Having seen this side of Helen, I know now that I would’ve never been able to find an ounce of happiness with her. It would’ve been like marrying my mother. Both women had the same inbred prejudices and hang-ups that I could no longer stomach. And I’d had enough of that cold detachment from my mother to last me a lifetime.

No, I want only the joy and infectious laughter I’d found these last few months with the little dark haired sprite with the sparking grey eyes that pulled at me without even trying. I felt lighter than I had in years, not since I was a kid in fact.

As I drove through the busy afternoon streets, passing places I’d frequented as a child, I found a new excitement in the town I’d stopped even noticing since I became an adult and went off to university, before joining up. Now as I passed old landmarks I couldn’t wait to take her to some of them with me. To share that side of my life with her. Things I hadn’t given a thought to in years suddenly had new meaning.

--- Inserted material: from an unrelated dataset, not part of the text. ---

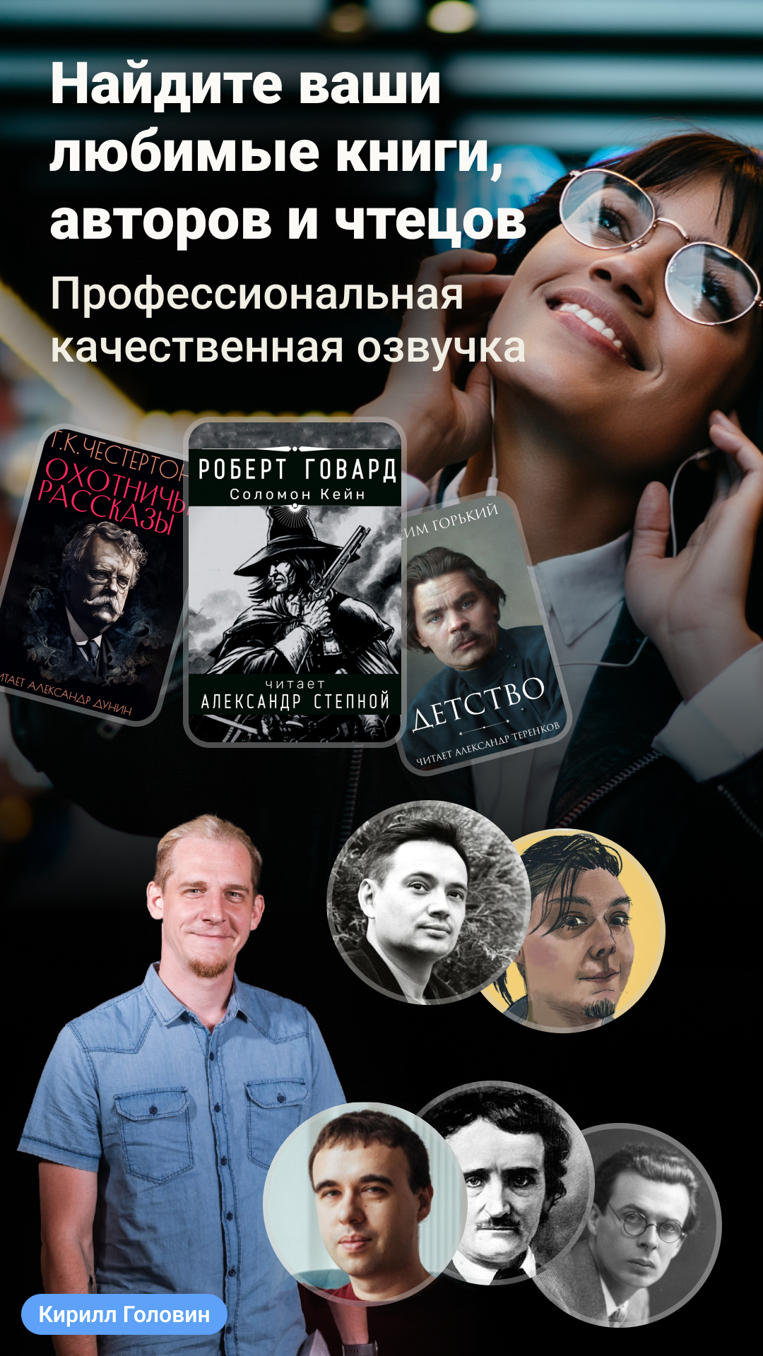 📚 Отличная библиотека книг на любой вкус от известных авторов, как Лев Толстой, Роман Суржиков, Виталий Зыков, Джо Аберкромби, Говард Филлипс Лавкрафт, Джек Ритчи, Андрей Лоскутов и множество других русскоязычных и зарубежных классиков. Также Вы познакомитесь с множеством новых восходящих авторов и декламаторов в BOOKlis.

The old movie theatre I used to take girls to in high school so that I could spend the whole length of the show trying to get into their pants. I wanted to take her there. Or the nice Italian restaurant that had always been one of my favorites.

I had the radio on blast, and hummed along, something I hadn’t done in damn near ten years. She was so good for me, and it was only now that the other bullshit had been cleared away that I could truly see it. I do believe I can be a better man with her at my side.

She makes me hope for things that I never cared much about, but now wanted them all for her, with her. I want to walk down by the old promenade, eating an ice cream cone, while holding her hand in mine. Dammit, I hadn’t planned on becoming a complete sap, but here I am planning our first date as man and woman.